**Data to process**
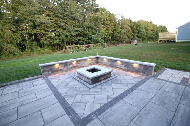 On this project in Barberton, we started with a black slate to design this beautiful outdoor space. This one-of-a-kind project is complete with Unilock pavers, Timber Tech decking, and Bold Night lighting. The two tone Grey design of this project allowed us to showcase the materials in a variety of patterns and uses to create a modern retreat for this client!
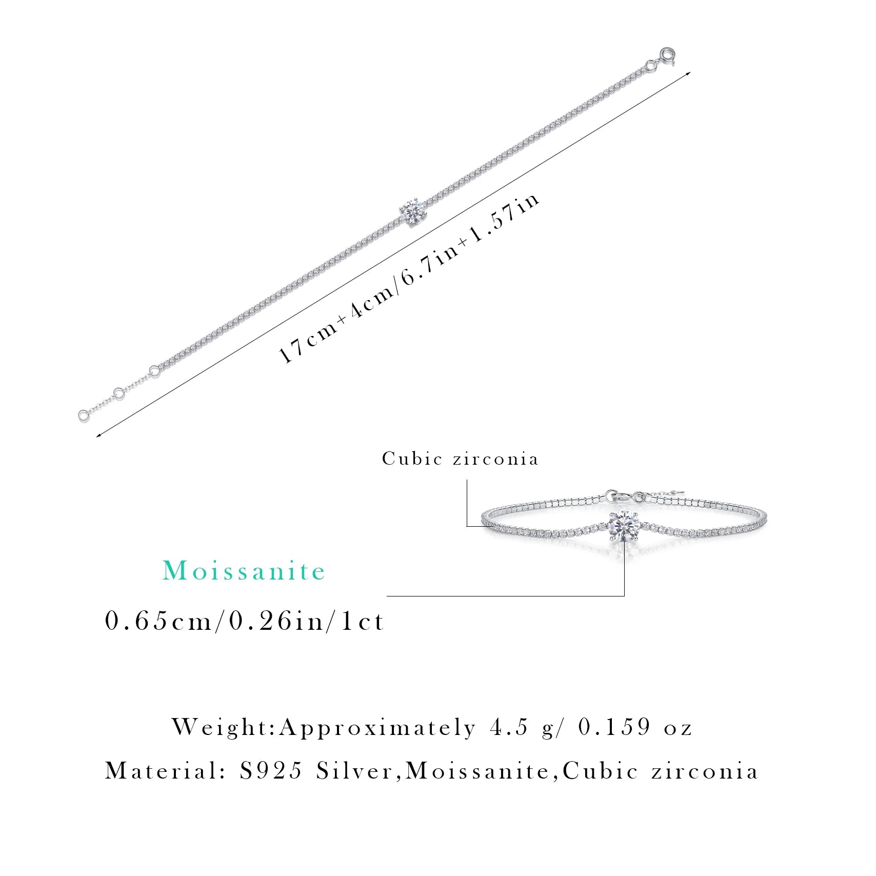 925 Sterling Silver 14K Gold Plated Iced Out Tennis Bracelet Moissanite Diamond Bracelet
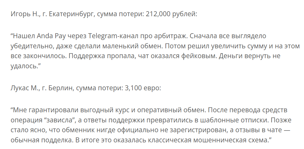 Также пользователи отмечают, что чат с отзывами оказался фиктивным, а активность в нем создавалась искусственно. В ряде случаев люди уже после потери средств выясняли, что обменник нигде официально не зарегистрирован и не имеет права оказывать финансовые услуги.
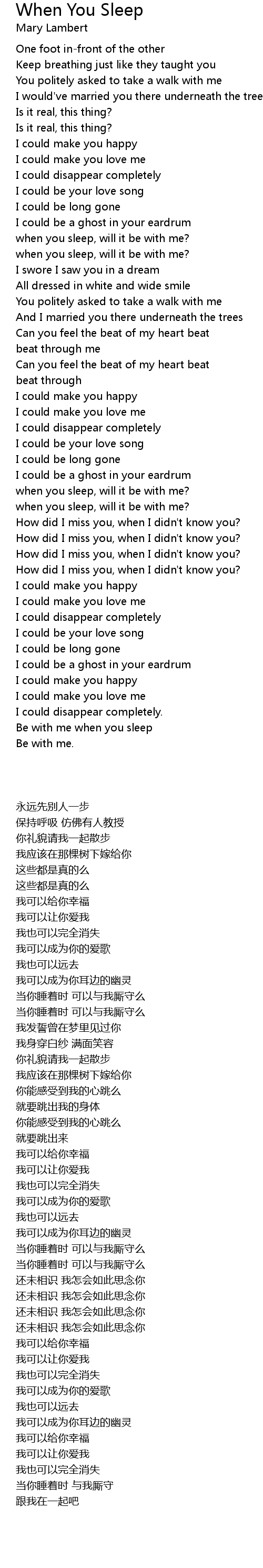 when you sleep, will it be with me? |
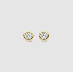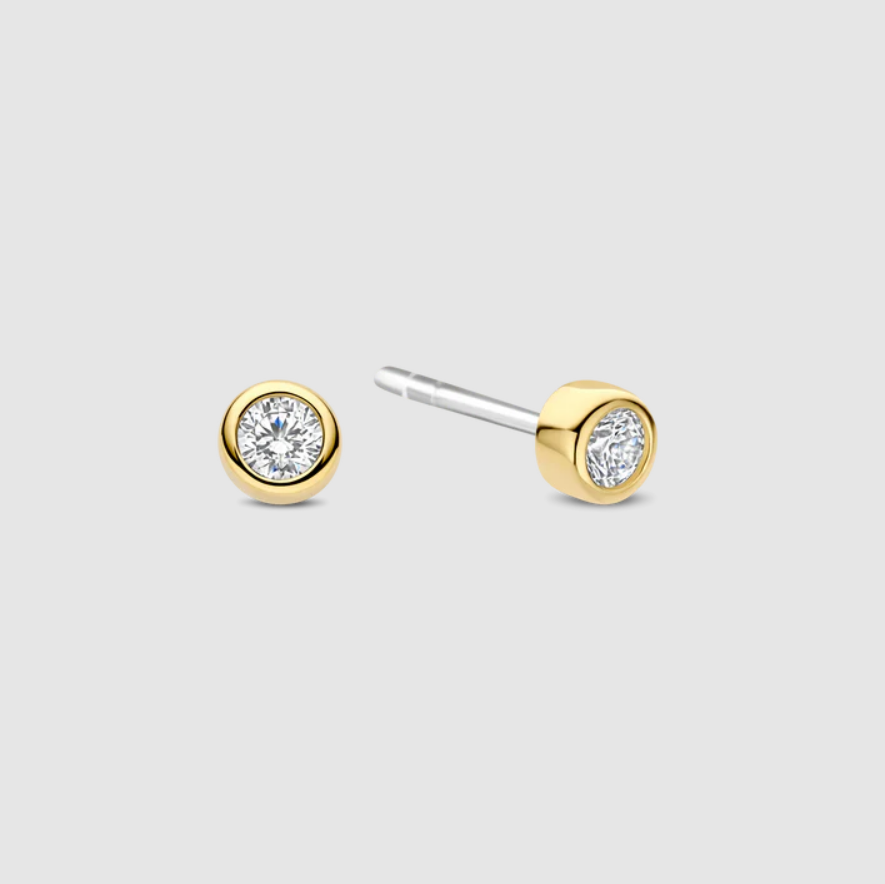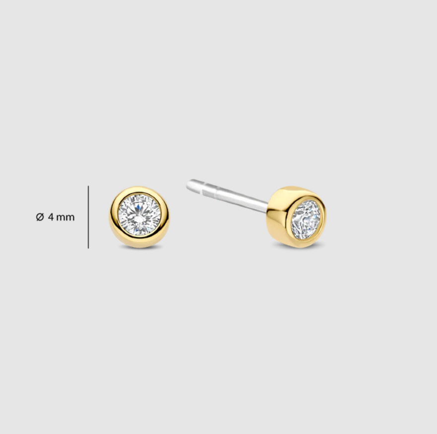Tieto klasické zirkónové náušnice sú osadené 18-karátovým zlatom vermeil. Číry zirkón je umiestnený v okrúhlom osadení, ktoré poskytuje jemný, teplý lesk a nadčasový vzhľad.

**Task statement**
For this exercise, please reproduce the records above exactly and drop the images.

**Solution**
 On this project in Barberton, we started with a black slate to design this beautiful outdoor space. This one-of-a-kind project is complete with Unilock pavers, Timber Tech decking, and Bold Night lighting. The two tone Grey design of this project allowed us to showcase the materials in a variety of patterns and uses to create a modern retreat for this client!
 925 Sterling Silver 14K Gold Plated Iced Out Tennis Bracelet Moissanite Diamond Bracelet
 Также пользователи отмечают, что чат с отзывами оказался фиктивным, а активность в нем создавалась искусственно. В ряде случаев люди уже после потери средств выясняли, что обменник нигде официально не зарегистрирован и не имеет права оказывать финансовые услуги.
 when you sleep, will it be with me? |
Tieto klasické zirkónové náušnice sú osadené 18-karátovým zlatom vermeil. Číry zirkón je umiestnený v okrúhlom osadení, ktoré poskytuje jemný, teplý lesk a nadčasový vzhľad.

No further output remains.